Síntomas y diagnóstico del síndrome de Fitz Hugh Curtis

El síndrome de Fitz-Hugh-Curtis causa inflamación en el abdomen y alrededor del hígado. Obtenga más información sobre los síntomas, el diagnóstico y el tratamiento del trastorno.

El síndrome de Fitz-Hugh-Curtis es una afección en la que las bacterias, generalmente de una infección pélvica, se diseminan a través del abdomen y causan inflamación del revestimiento de la membrana del estómago y del tejido que rodea el hígado. El diafragma (el músculo que separa el estómago del pecho) también puede verse afectado.

También conocido como perihepatitis gonocócica o síndrome de perihepatitis, el síndrome de Fitz-Hugh-Curtis es un trastorno poco común que ocurre en el 15-30% de las mujeres con enfermedad inflamatoria pélvica (EIP). En raras ocasiones, el trastorno también puede ocurrir en mujeres sin EPI y en hombres.

Síntomas

En el síndrome de Fitz-Hugh-Curtis, la inflamación del tejido hepático conduce a la formación de conexiones de tejido anormales (adherencias) entre el exterior del hígado y el interior del abdomen. En algunas personas, estas adherencias no causan síntomas. Otros pueden tener algunos o todos los siguientes síntomas asociados con Fitz-Hugh-Curtis:

  • Inicio repentino de dolor intenso en la parte superior derecha del abdomen, sobre la vesícula biliar
  • Dolor que puede haberse movido al hombro derecho y al interior del brazo derecho.
  • Aumento del dolor al toser, estornudar o moverse
  • Náusea
  • Vómitos
  • Escalofríos y fiebre
  • Sudores nocturnos
  • Dolores de cabeza
  • Hipo

Causas comunes y diagnóstico

En general, un proveedor de atención médica no puede ver ni sentir la presencia del síndrome de Fitz-Hugh-Curtis, por lo que el dolor en la parte superior del abdomen puede ser la única forma de sugerir la dirección del diagnóstico. La presencia de una infección pélvica también proporcionaría una pista para el diagnóstico, ya que el trastorno suele ser una complicación de la enfermedad inflamatoria pélvica (EPI), que es una infección del tracto genital superior en las mujeres. La infección es causada con mayor frecuencia por Neisseria gonorrhoeae y clamidia.

Sin la presencia de EPI, el diagnóstico puede ser difícil, ya que muchas afecciones pueden causar dolor abdominal. En las mujeres, se realizarán cultivos cervicales para clamidia y gonorrea, ya que estas infecciones son las causas más comunes del síndrome de Fitz-Hugh-Curtis. Si hay infección, el recuento de glóbulos blancos (WBC) en la sangre será alto, al igual que la velocidad de sedimentación globular (VSG).

El médico examinará al individuo en busca de afecciones comunes que presenten síntomas similares al síndrome de Fitz-Hugh-Curtis, como cálculos biliares, inflamación del hígado (hepatitis), cálculos renales o infección y úlcera de estómago. La ecografía abdominal y la tomografía computarizada (TC) pueden ayudar a descartar estos trastornos. Una radiografía de tórax puede descartar neumonía como causa de dolor al toser o estornudar.

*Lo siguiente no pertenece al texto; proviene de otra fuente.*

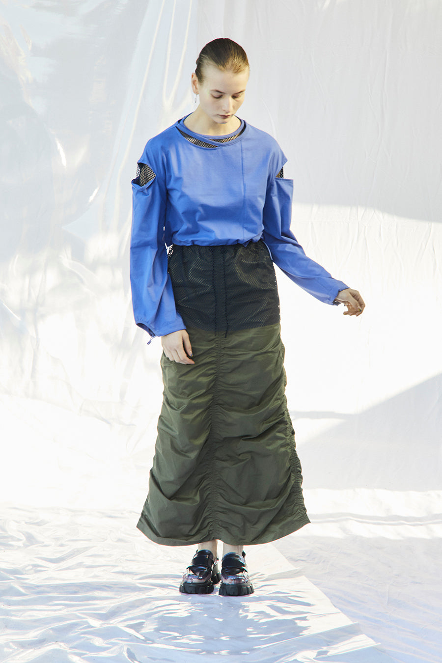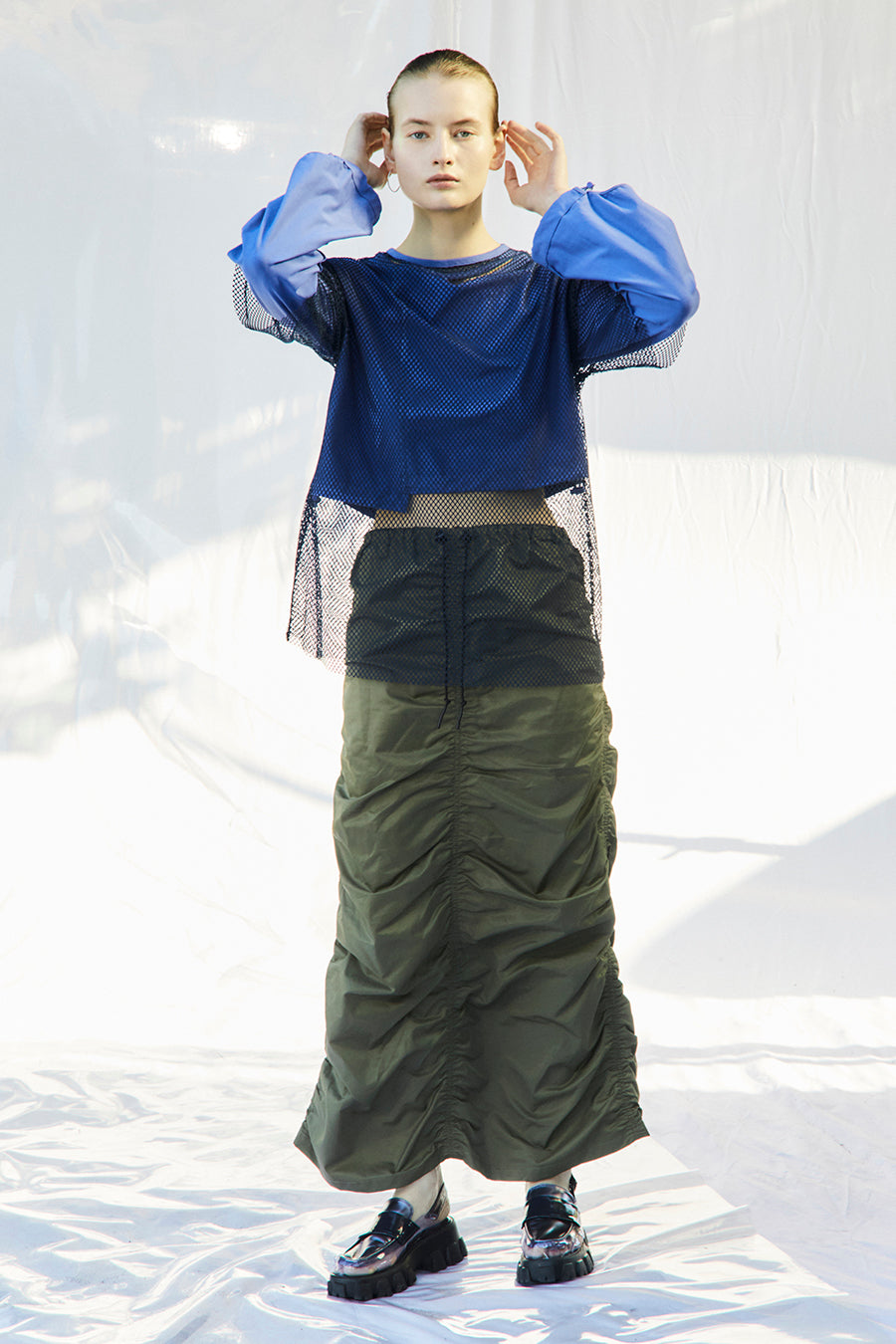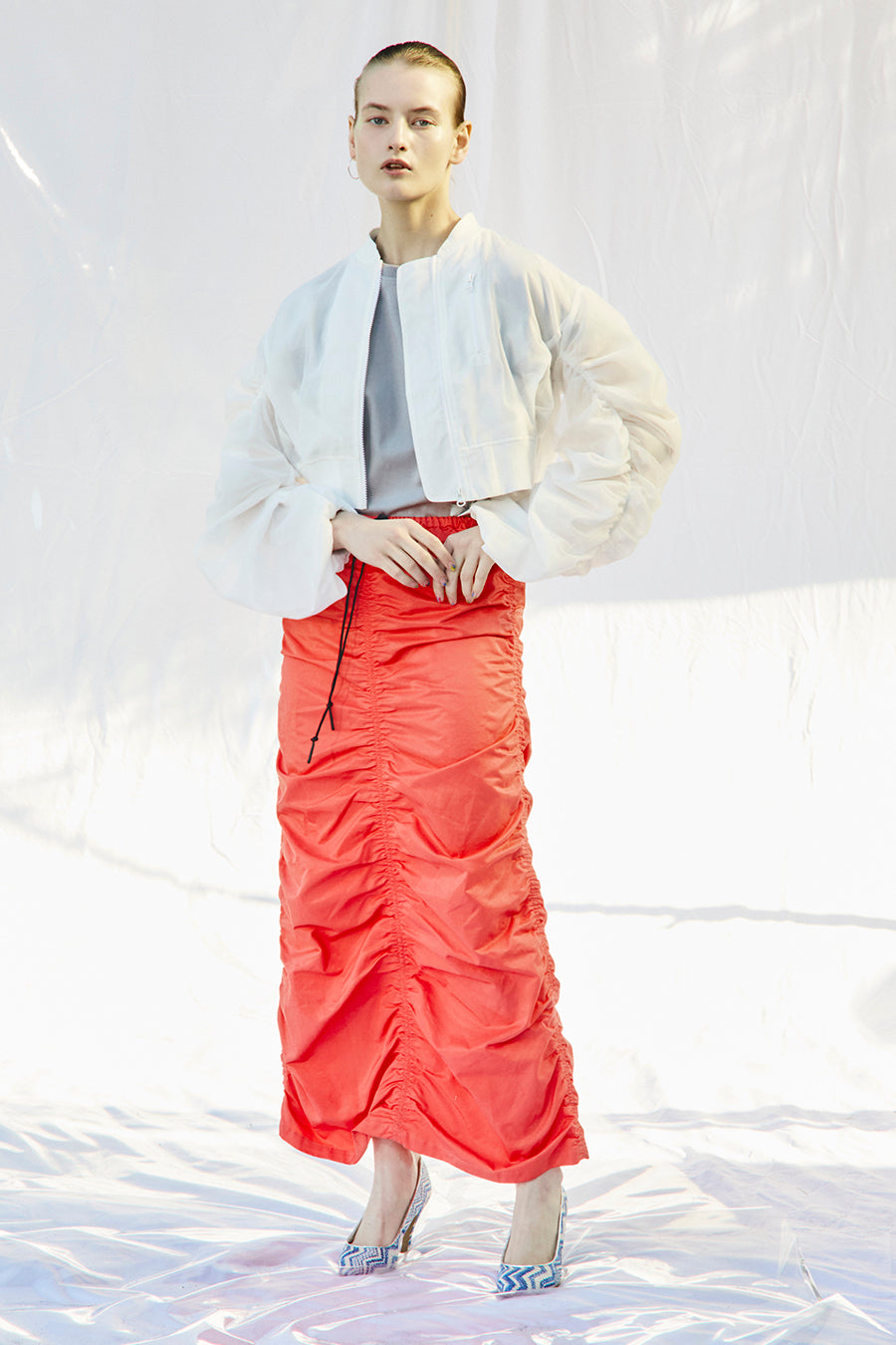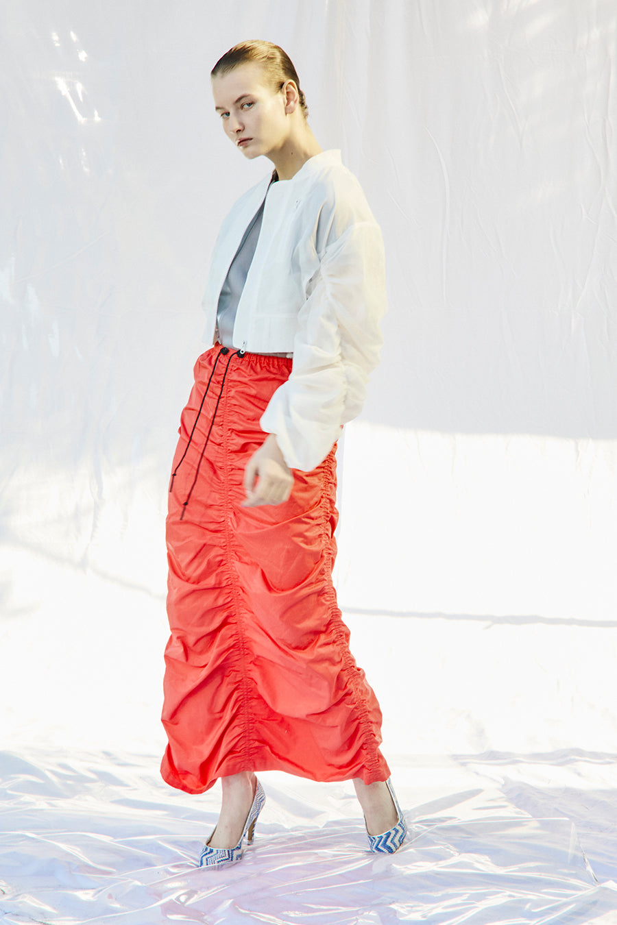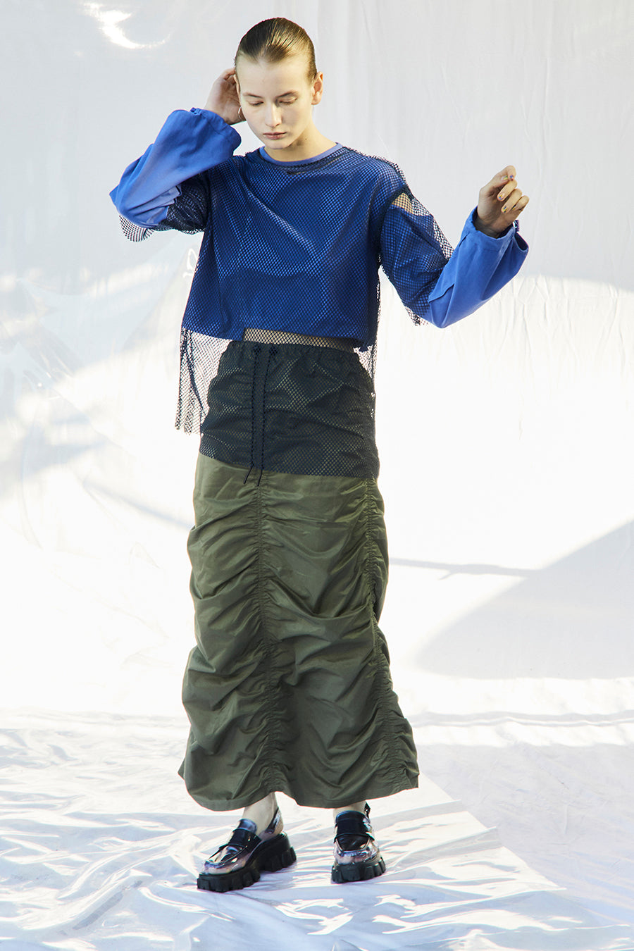 微光沢、張り感のあるナイロンコットンツイルを敢えて使用し、前後中心と両脇に大胆なシャーリングを寄せたデザインは、シルエットが縦長でありながらもボリュームのあるトレンド感いっぱいのアイテム。
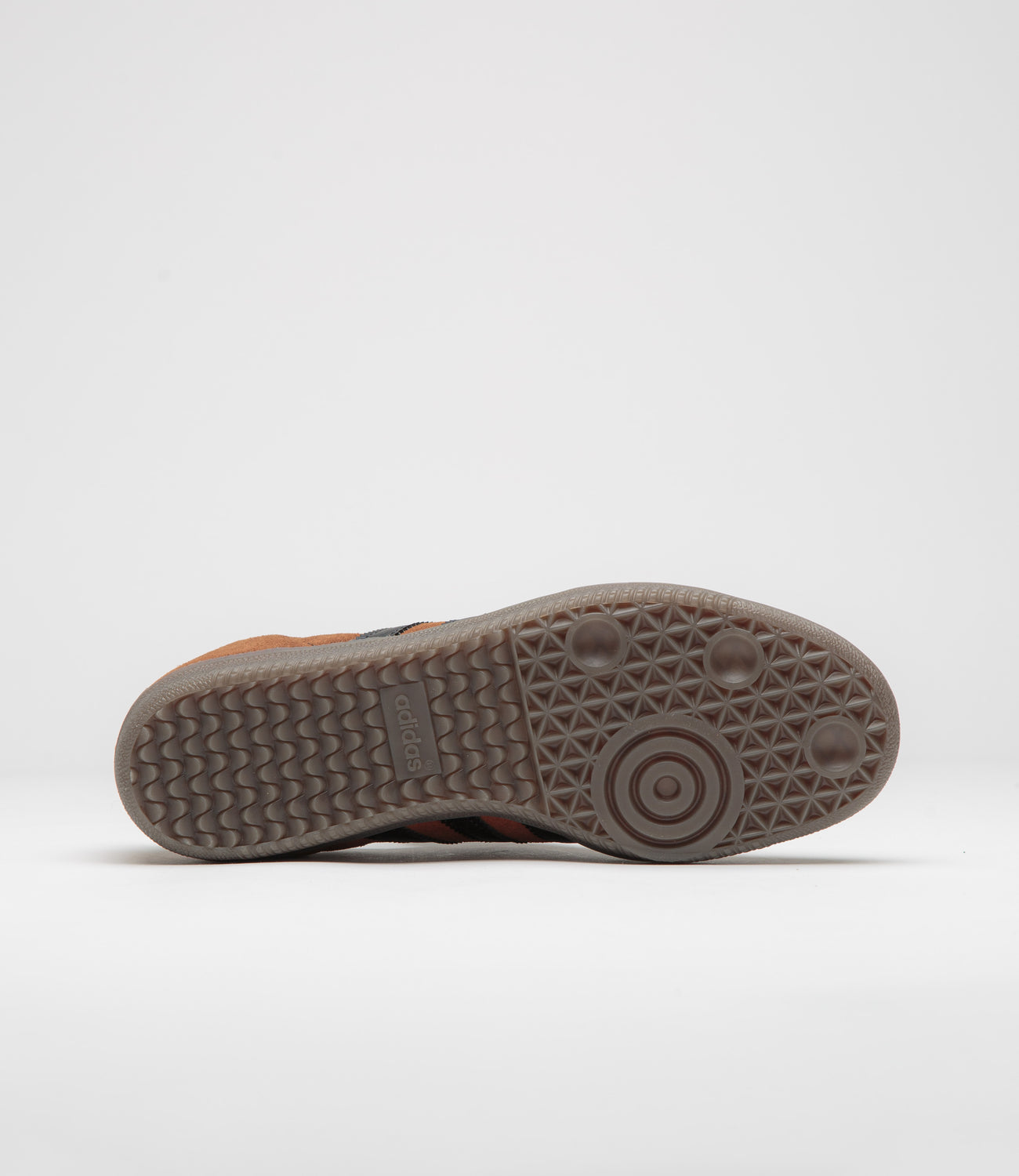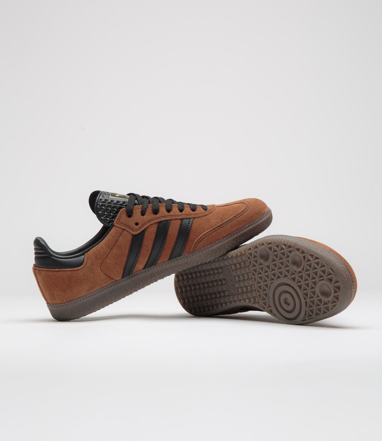 - Leather 3-Stripes, gold foil Samba branding, textured Trefoil tongue

Laparoscopia para confirmar el diagnóstico

La mejor manera de confirmar un diagnóstico de síndrome de Fitz-Hugh-Curtis es pedirle a su proveedor de atención médica que examine el interior del cuerpo (para observar el hígado). Esto se hace insertando una cámara dentro del abdomen, llamada laparoscopia. El proveedor de atención médica puede ver las adherencias en la parte exterior del hígado, que tienen un aspecto fibroso típico (llamadas adherencias en "cuerdas de violín").

Tratamiento

El tratamiento para la persona con síndrome de Fitz-Hugh-Curtis consiste en antibióticos para la infección y analgésicos. Una vez que la infección desaparece, los síntomas desaparecen. Dado que la clamidia y la gonorrea se transmiten a través del contacto sexual, la persona debe restringir su actividad sexual hasta que la infección desaparezca y la pareja sexual de la persona también debe recibir tratamiento.